- YOUR GOAL
The material below holds the lines to copy: from the one with "Vom 15. bis" up to and including the one with "Lozan Ash Mist". Copy them exactly and skip the pictures.

- INPUT MATERIAL
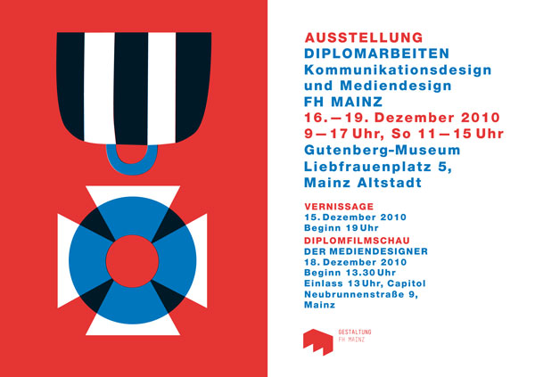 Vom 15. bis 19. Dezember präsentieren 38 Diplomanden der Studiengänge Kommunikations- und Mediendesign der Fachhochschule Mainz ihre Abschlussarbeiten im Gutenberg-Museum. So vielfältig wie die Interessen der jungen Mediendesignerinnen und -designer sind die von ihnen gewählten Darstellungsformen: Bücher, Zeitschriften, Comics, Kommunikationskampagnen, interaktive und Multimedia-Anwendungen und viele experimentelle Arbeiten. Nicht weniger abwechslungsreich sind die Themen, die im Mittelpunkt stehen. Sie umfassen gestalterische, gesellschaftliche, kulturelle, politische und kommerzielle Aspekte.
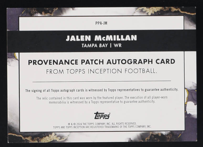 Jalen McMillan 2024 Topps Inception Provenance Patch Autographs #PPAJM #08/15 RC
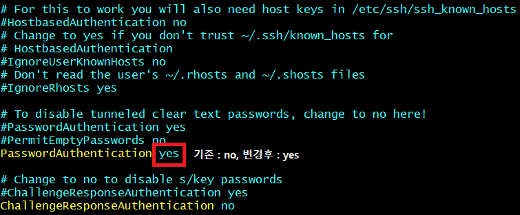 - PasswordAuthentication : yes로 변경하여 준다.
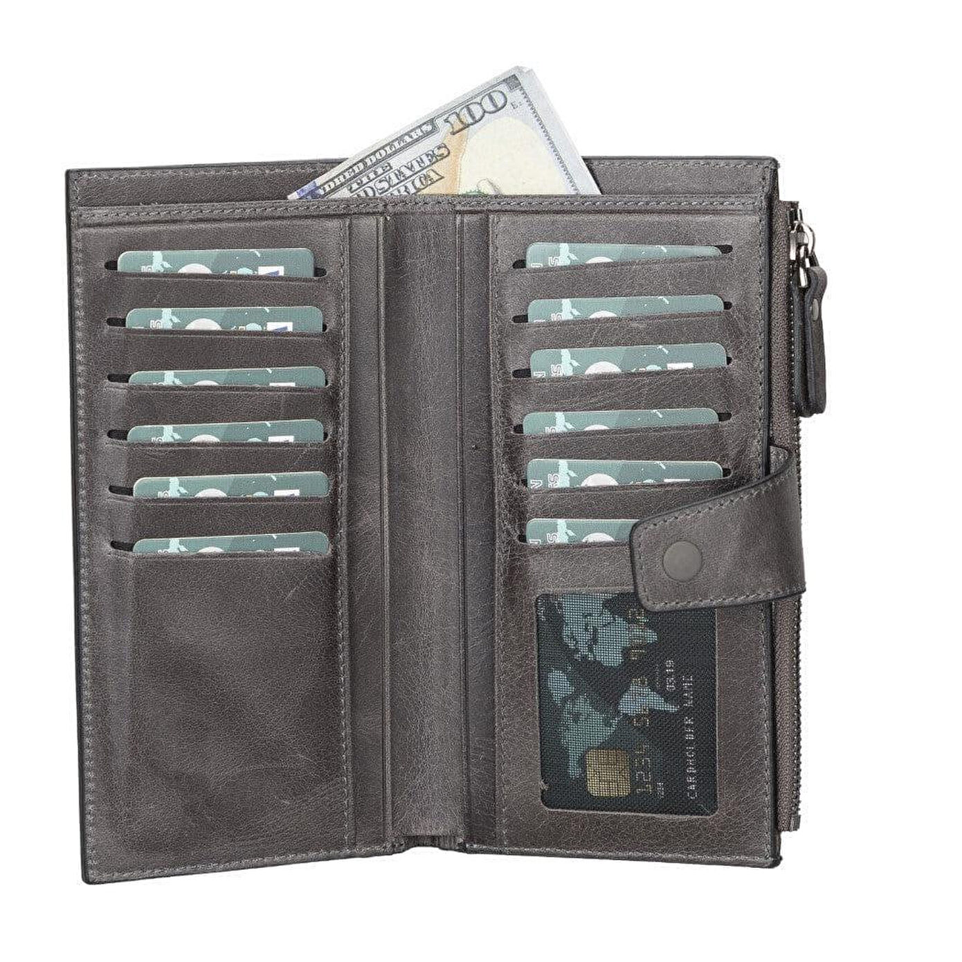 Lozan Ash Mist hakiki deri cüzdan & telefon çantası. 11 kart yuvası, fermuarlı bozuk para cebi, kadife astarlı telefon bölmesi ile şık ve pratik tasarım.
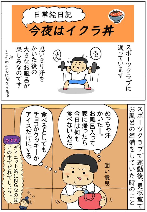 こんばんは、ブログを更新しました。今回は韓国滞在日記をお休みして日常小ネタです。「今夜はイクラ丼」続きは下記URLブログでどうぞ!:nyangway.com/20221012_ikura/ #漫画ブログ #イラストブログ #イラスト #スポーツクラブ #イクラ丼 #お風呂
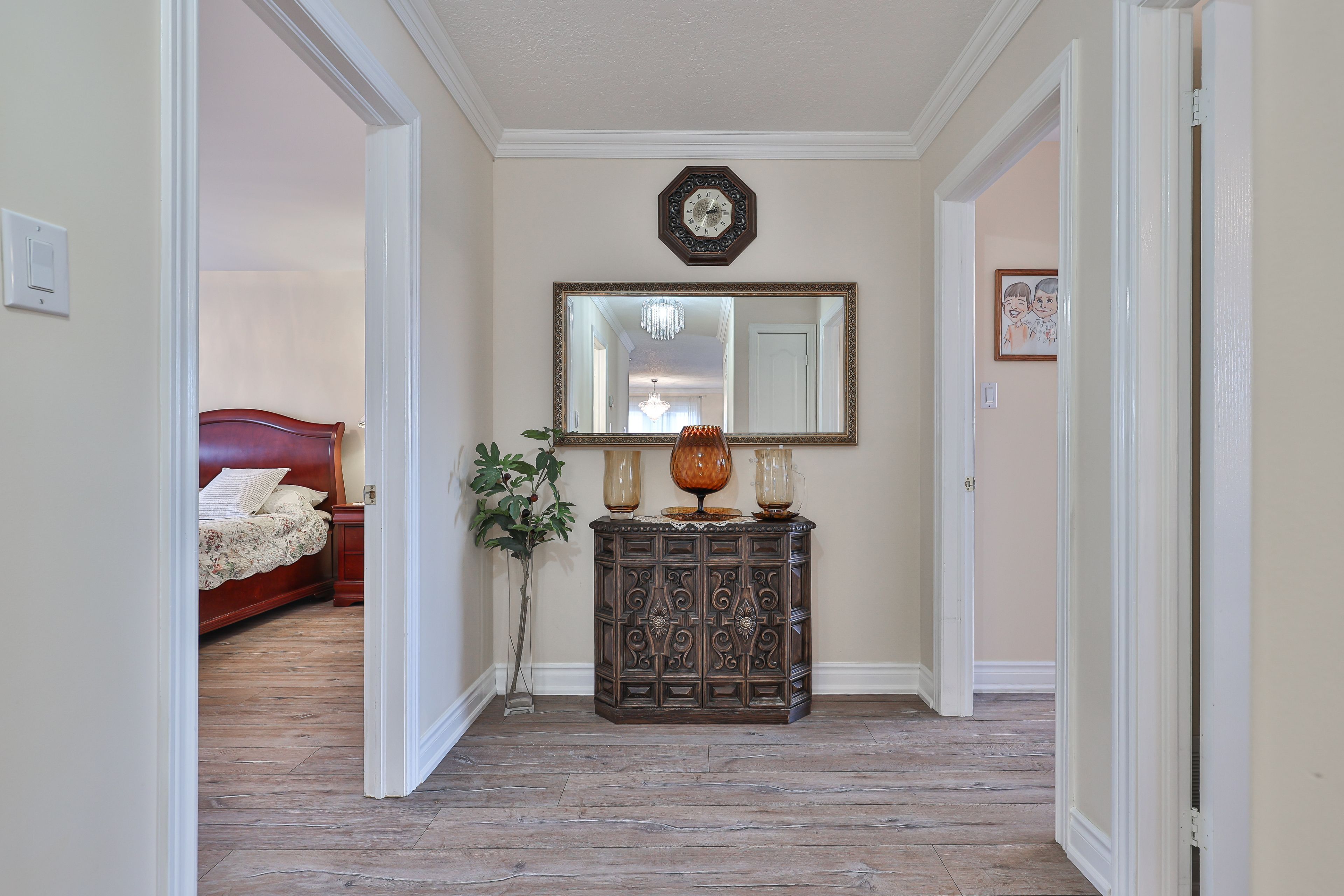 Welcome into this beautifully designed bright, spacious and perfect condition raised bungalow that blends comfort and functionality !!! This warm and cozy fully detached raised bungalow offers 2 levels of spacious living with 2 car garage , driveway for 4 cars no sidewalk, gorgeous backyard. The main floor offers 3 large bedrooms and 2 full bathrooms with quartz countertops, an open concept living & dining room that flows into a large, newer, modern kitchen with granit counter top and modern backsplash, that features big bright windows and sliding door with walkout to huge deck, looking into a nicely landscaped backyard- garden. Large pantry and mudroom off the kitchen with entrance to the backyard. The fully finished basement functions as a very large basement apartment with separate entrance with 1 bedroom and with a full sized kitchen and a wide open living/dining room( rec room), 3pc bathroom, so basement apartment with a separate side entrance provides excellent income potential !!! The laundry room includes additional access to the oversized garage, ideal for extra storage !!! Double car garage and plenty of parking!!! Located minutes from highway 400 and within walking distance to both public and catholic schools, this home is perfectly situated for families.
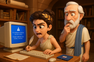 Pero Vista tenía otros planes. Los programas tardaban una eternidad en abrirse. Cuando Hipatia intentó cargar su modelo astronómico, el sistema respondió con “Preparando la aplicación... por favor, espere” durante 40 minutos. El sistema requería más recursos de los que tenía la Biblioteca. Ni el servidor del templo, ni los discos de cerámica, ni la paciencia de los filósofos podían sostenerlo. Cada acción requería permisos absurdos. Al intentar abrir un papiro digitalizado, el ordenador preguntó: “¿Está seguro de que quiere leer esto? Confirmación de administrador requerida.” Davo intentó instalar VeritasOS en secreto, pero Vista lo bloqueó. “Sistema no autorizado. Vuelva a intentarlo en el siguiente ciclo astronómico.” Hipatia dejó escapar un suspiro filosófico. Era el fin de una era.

--

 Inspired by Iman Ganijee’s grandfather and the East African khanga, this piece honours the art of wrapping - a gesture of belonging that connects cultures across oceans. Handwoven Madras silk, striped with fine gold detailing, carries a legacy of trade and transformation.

- SOLUTION TO THIS EXERCISE
 Vom 15. bis 19. Dezember präsentieren 38 Diplomanden der Studiengänge Kommunikations- und Mediendesign der Fachhochschule Mainz ihre Abschlussarbeiten im Gutenberg-Museum. So vielfältig wie die Interessen der jungen Mediendesignerinnen und -designer sind die von ihnen gewählten Darstellungsformen: Bücher, Zeitschriften, Comics, Kommunikationskampagnen, interaktive und Multimedia-Anwendungen und viele experimentelle Arbeiten. Nicht weniger abwechslungsreich sind die Themen, die im Mittelpunkt stehen. Sie umfassen gestalterische, gesellschaftliche, kulturelle, politische und kommerzielle Aspekte.
 Jalen McMillan 2024 Topps Inception Provenance Patch Autographs #PPAJM #08/15 RC
 - PasswordAuthentication : yes로 변경하여 준다.
 Lozan Ash Mist hakiki deri cüzdan & telefon çantası. 11 kart yuvası, fermuarlı bozuk para cebi, kadife astarlı telefon bölmesi ile şık ve pratik tasarım.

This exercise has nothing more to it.